Nasceu em 1939, Wesley Earl Craven – o nome completo do artista melhora um pouco a questão mas não a resolve por completo. Está na história do cinema e do medo colectivo desde que nos deu “Pesadelo em Elm Street”, desde que Freddy Krueger se transformou no nosso melhor pior inimigo. E se é preciso o ícone da malvadez filmada para nos levar ao resto do trabalho de Wes Craven, pois que assim seja, nada contra. Krueger chegou em 1984, o tipo que assombrava sonhos para matar a sério quem dormia. O das luvas com lâminas. O da cara desfigurada. O da camisola às riscas. Para sempre recordado em festas de Halloween, nada a fazer. Perfeito mafarrico na pele de assassino só porque sim. Deu uma carreira (ou definiu-a para o bem e para o mal) ao actor Robert Englund e fez-nos olhar para Craven como um mestre do terror.

Bom de recordar é o início desta história. No princípio era a pornografia. Era barato e dava a oportunidade a Wes Craven de escrever, realizar e montar os filmes. Aproveitar qualquer oportunidade de trabalho, era esse o ensinamento que trazia, primeiro de casa – filho de uma família religiosa e da classe trabalhadora –, depois cultivada também nos estudos de Língua Inglesa e Psicologia. Se era cinema que o homem queria, então estava feito o arranque.

Medo O passo seguinte foi a devida homenagem a quem o influenciou. A mais óbvia surgiu logo à primeira longa-metragem, “The Last House on the Left”, de 1972. Craven partiu de “A Fonte da Virgem” (1960), de Ingmar Bergman. Deu–lhe umas quantas voltas e desenvolveu a história à sua maneira. Isto na sala de cinema deu numa intensidade original e criativa, para quem apostava em histórias assustadoras e nunca mais as largou. O próprio Craven o reconheceu. Disse em entrevista ao “AV Club” em 2009: “Nunca tinha feito um filme, nunca tinha escrito um filme. Tinha deixado a escola um ano antes, aprendi ali os ritmos de fazer um filme. Quase só usámos actores amadores. Recordando tudo isto, acho que fizemos um óptimo trabalho.”

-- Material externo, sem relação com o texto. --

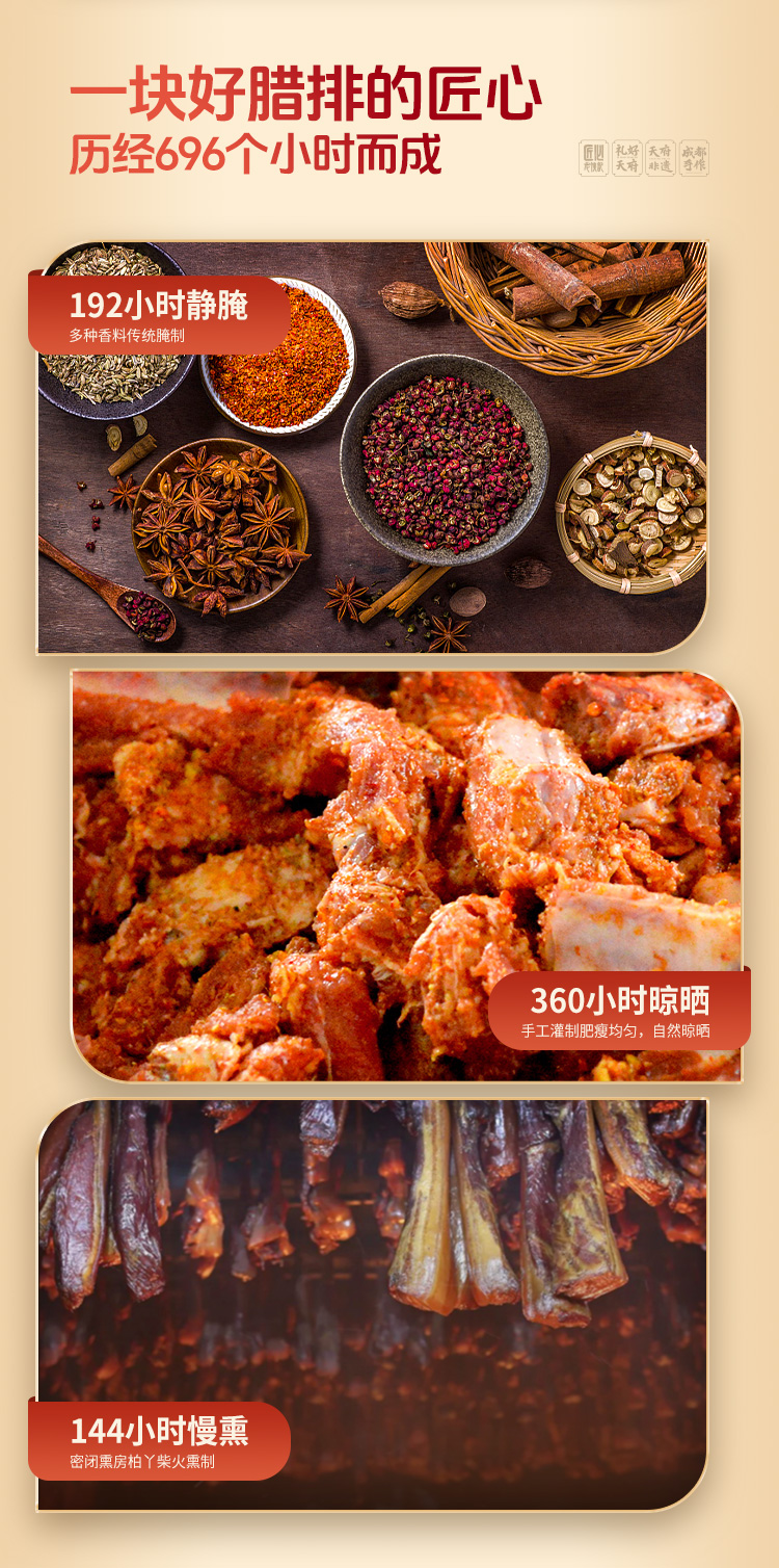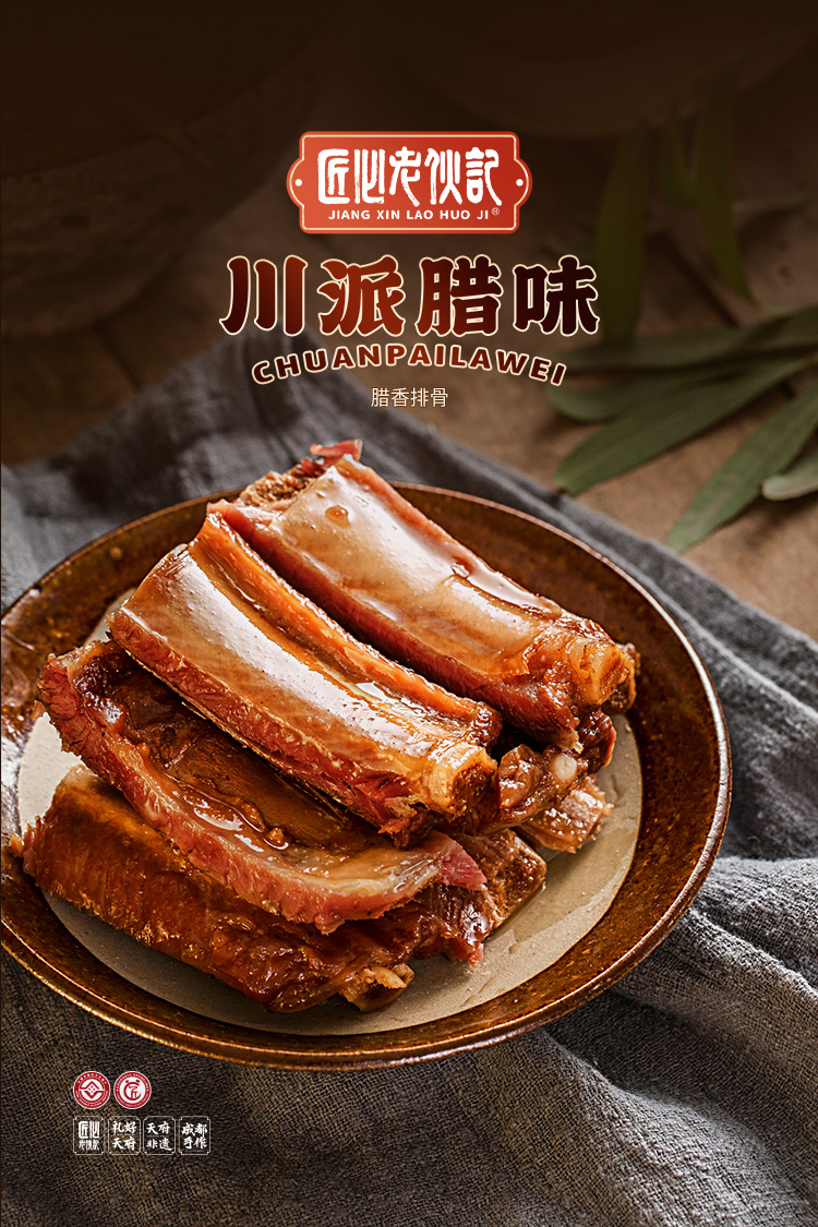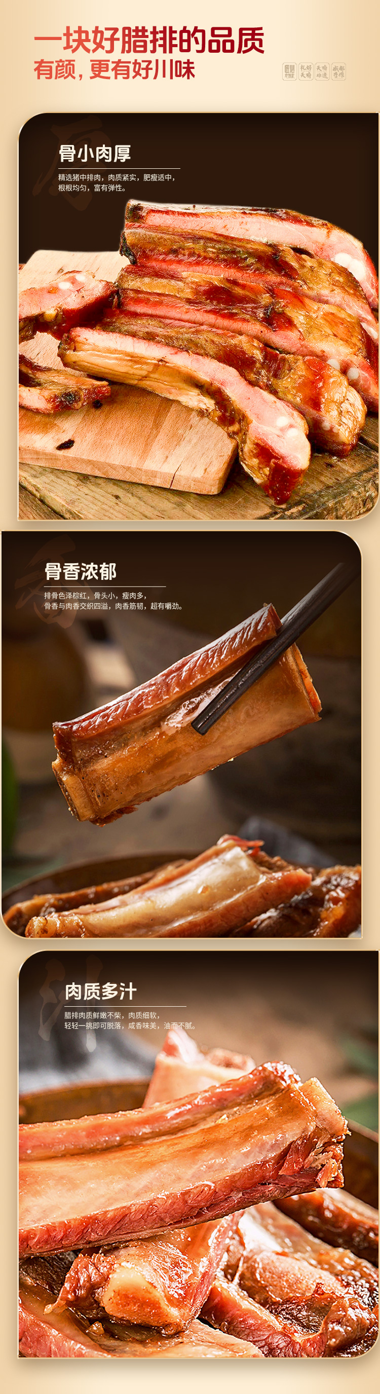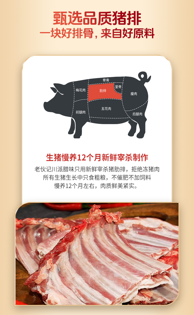 【非遗腊排骨】老伙记非遗美食正宗四川腊味 传统手工柏树枝熏腊香排骨 精选猪肋排 无大骨腊味

E continuaram, danados para aterrorizar o mundo. “The Hills Have Eyes” (1977) e os perigos de nos perdermos pelas estradas erradas; mais “A Bênção do Anjo Negro” (1981), quando os tractores já matavam as pessoas. A este último juntou-se “Perigo no Pântano”, em 1982, para completar uma dupla com menos sucesso na bilheteira e igual comportamento junto da crítica. Disse Craven à revista “Filmmaker Magazine” no ano passado: “Descobri que se tens dois filmes seguidos que não são um sucesso, não importa quantos fizeste que foram bem recebidos. O telefone pára de tocar.”

NúmerosDepois vieram as dívidas e os enrascanços, até que o artista decidiu trabalhar uma coisa nova, com calma – quase sem dinheiro para o papel da máquina de escrever mas concentradíssimo. Contou com o apoio de Bob Shaye, o fundador da produtora New Line Cinema, e ambos conquistaram a mudança que tanto procuravam com “Pesadelo em Elm Street”. Feito. Nunca mais nada foi igual. Incluindo o cinema de terror. Craven transformava-se numa marca, que depois fez episódios da “Twilight Zone” recuperada para os anos 80, filmes como  “A Maldição dos Mortos Vivos”, “100 000 Volts de Terror” ou“Prisioneiros na Cave”.

Decidiu não lutar contra o estereótipo que criara. “Quando tens um nome que quer dizer susto, tens de viver com isso”, confessou em 2005 ao jornal “Tampa Bay Times”. Para uma nova geração fez quatro filmes da saga “Gritos” e fitas mainstream como“Red Eye”. Apesar de quase nunca ter saído do rumo que estabeleceu desde o início (os maiores desvios assinou-os com “Melodia doCoração” e um dos segmentos de “Paris, Je t’Aime”), nunca se cansou de trabalhar nem de procurar mais no meio da mesma linguagem. Voltando à entrevista ao“AV Club”: “Tento não olhar muito para trás. Acho que isso é o mais importante para nos mantermos originais.”